NATS JetStream is the outlier. Lower operational overhead, simpler mental model, genuinely impressive throughput for its resource footprint. But the consumer semantics are different enough from Kafka that your engineers need to relearn some things, and the ecosystem is smaller. I used it for a side project and liked it. I probably wouldn’t reach for it on a team that already knows Kafka concepts.
One thing I noticed: if you’re already deep in Kubernetes and have a platform team, Kafka (managed) is the obvious choice. If you’re a small team self-hosting, Redpanda is worth serious consideration. I am not 100% sure Redpanda holds up at Confluent-scale workloads — I haven’t stress-tested it there — but for teams under 20 engineers, it’s been solid.
Schema Registry and the Mistake That Bit Me
Right, so — this is the part I wish someone had told me before I started.

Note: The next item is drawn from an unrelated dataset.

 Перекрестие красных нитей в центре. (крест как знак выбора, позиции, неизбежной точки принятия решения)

When you move to event streaming, your event schema becomes a contract between services. With REST, you control the API and its versioning. With events, consumers are decoupled and may be running different versions at the same time. If you just publish raw JSON and one day add a required field, you will break older consumers silently. Ask me how I know.

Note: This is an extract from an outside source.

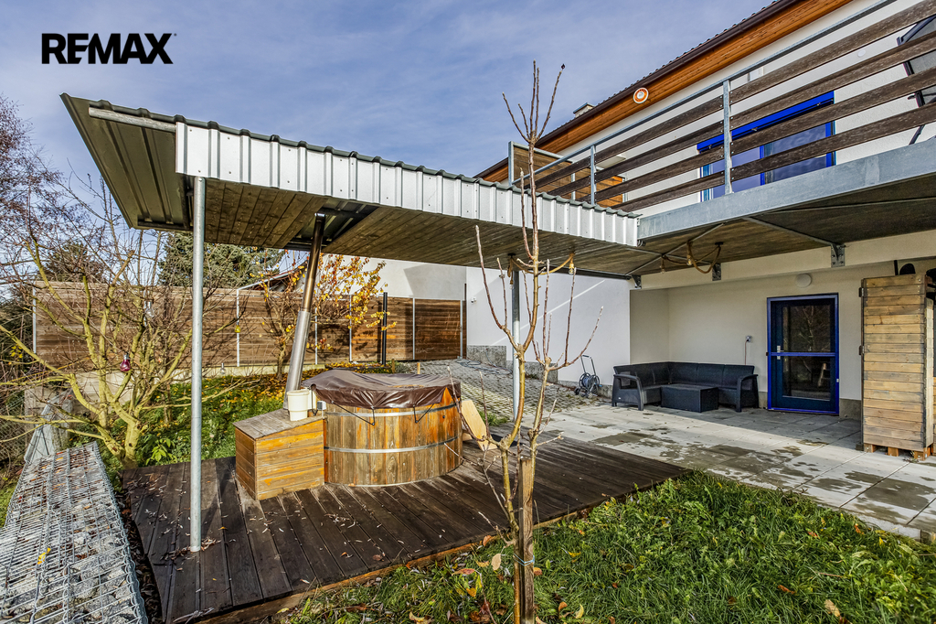 - venkovní posezení, vytápěný sud, venkovní sprcha

I pushed a change to the order.created event on a Wednesday, added a shipping_priority field that the fulfillment service expected to always be present. The notification service — which I had forgotten was also consuming that topic — started throwing null pointer exceptions about six hours later when someone placed an order. It wasn’t obvious, it wasn’t loud, it just quietly started failing deserialization.

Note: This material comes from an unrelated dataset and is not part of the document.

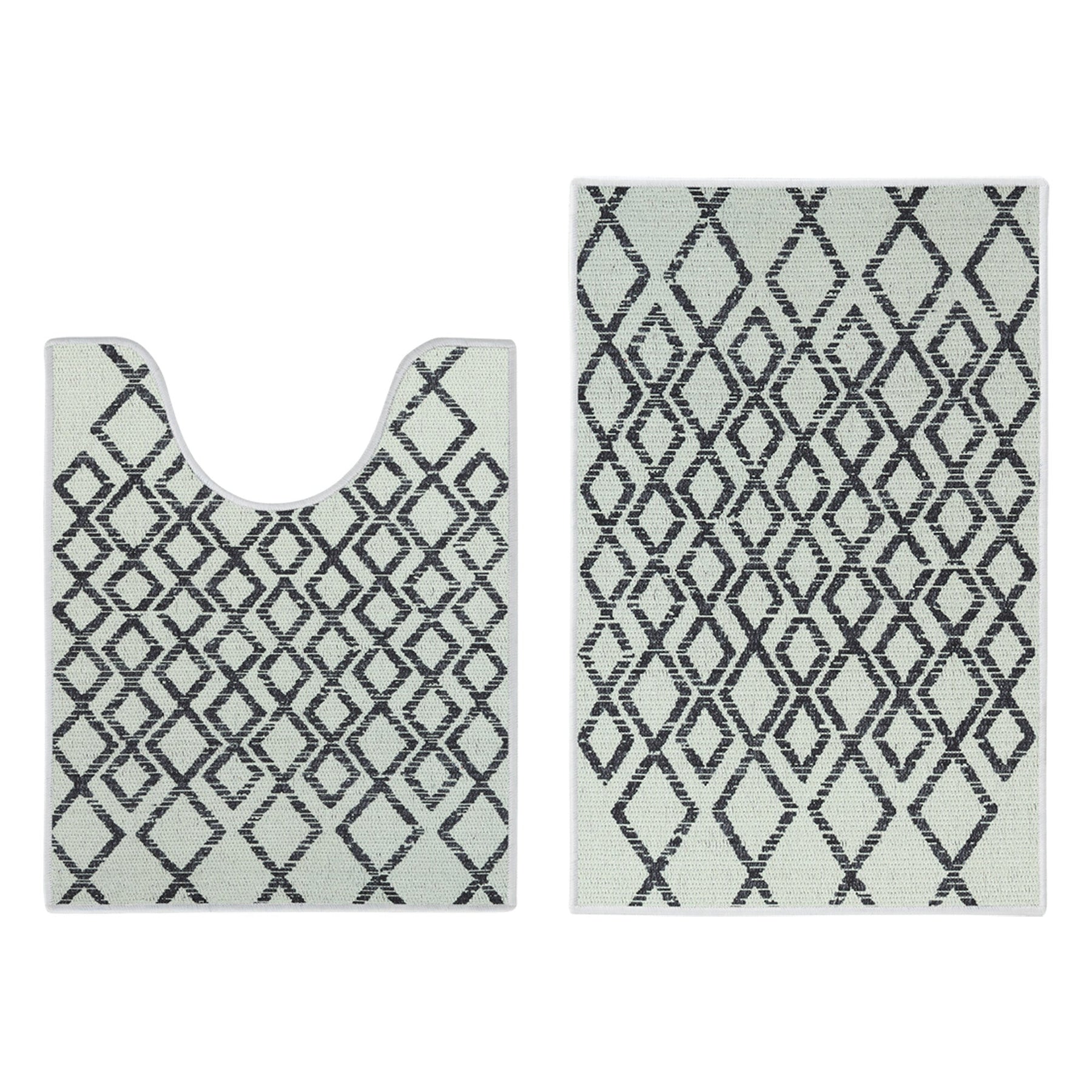 Geometric Diamond Design 2 Piece Bathroom Rugs Set | Ivory

The fix is a schema registry. Confluent ships one, Redpanda has one built in, and Apicurio is a good open source option if you want to run your own. You register your schemas (Avro and Protobuf are both well supported; I prefer Protobuf for the generated types), and producers/consumers validate against them at runtime. More importantly, you can enforce compatibility rules — BACKWARD compatibility means new schemas can read old messages, FULL compatibility means both directions — and the registry will reject breaking changes before they reach production.
Here’s a simplified producer setup showing schema validation in Python using Confluent’s client:
from confluent_kafka import Producer
from confluent_kafka.schema_registry import SchemaRegistryClient
from confluent_kafka.schema_registry.protobuf import ProtobufSerializer
from confluent_kafka.serialization import SerializationContext, MessageField
from events_pb2 import OrderCreatedEvent # generated from .proto
schema_registry = SchemaRegistryClient({"url": "http://localhost:8081"})
serializer = ProtobufSerializer(
OrderCreatedEvent,
schema_registry,
{"use.deprecated.format": False}
)
producer = Producer({"bootstrap.servers": "localhost:9092"})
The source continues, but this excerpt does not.